Boeing lost the 179-plane program Feb. 29 to Northrop and its partner — European Aeronautic, Defence & Space (EADS) — and protested the decision March 11.
The Air Force briefing document made available to Bloomberg News indicates that while the contest was close, the Air Force decided the Northrop-EADS entry was better in some key areas such as turnaround time on refueling missions.
The Air Force determined the Northrop-EADS plane was likely to need less development time to meet the goal of an April 2013 introduction, the document said.
Both bidders "offered fair and reasonable prices" and "a reasonable business arrangement," the briefing document said. Northrop-EADS was deemed "more advantageous in mission capability" and "in key system requirements' and "program management," the document said.
Boeing's entry in the latest contest was based on its 767 commercial plane, while the Northrop-EADS proposal was based on the larger A330 made by EADS unit Airbus.
Boeing spokesman Bill Barksdale said the company was given the document with selected Northrop-EADS material redacted. Northrop spokesman Dan McClain confirmed his company also received the document with Boeing data deleted and declined further comment. Lt. Col. Jennifer Cassidy, an Air Force spokeswoman, also declined to comment.
Barksdale said in an e-mailed statement that "many of the facts in the brief don't support the conclusions."
"In the areas of aerial refueling, airlift, aeromed evacuation, survivability and operational utility, our KC-767 Advanced Tanker had significantly higher numbers of positive attributes," Barksdale wrote.
The documents said Boeing's candidate had better communications capability and bested Northrop-EADS in some aerial-refueling capabilities. The Boeing aircraft also was judged to have better survivability characteristics.

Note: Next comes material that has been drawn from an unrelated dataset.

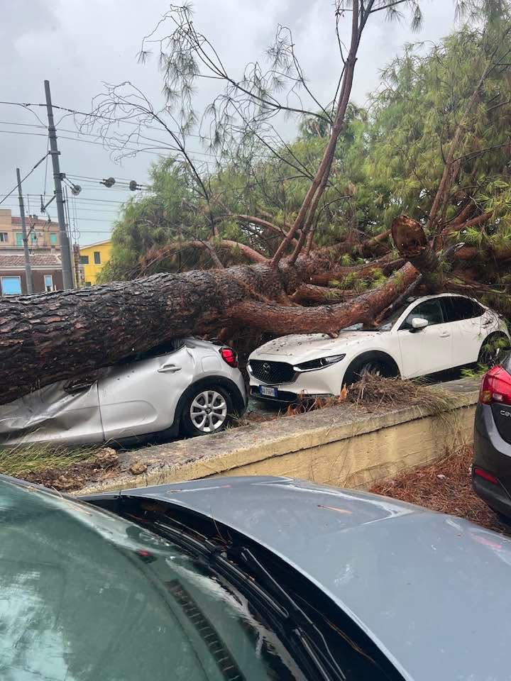 Fortunatamente al momento del crollo i veicoli erano vuoti e non si sono registrati feriti. Le immagini diffuse dai presenti mostrano con chiarezza l’impatto devastante, con le carrozzerie dei mezzi letteralmente accartocciate sotto il peso del tronco.

Even so, "Northrop Grumman provides better aerial refueling efficiency," said the slides prepared by the Air Force Aeronautical Systems Center at Wright Patterson Air Force Base near Dayton, Ohio. That's because the KC-30, as the Northrop-EADS team calls its model, "can refuel more receivers and provide more fuel per receiver than the KC-767" and its refueling boom connects to an aircraft dispenses fuel faster.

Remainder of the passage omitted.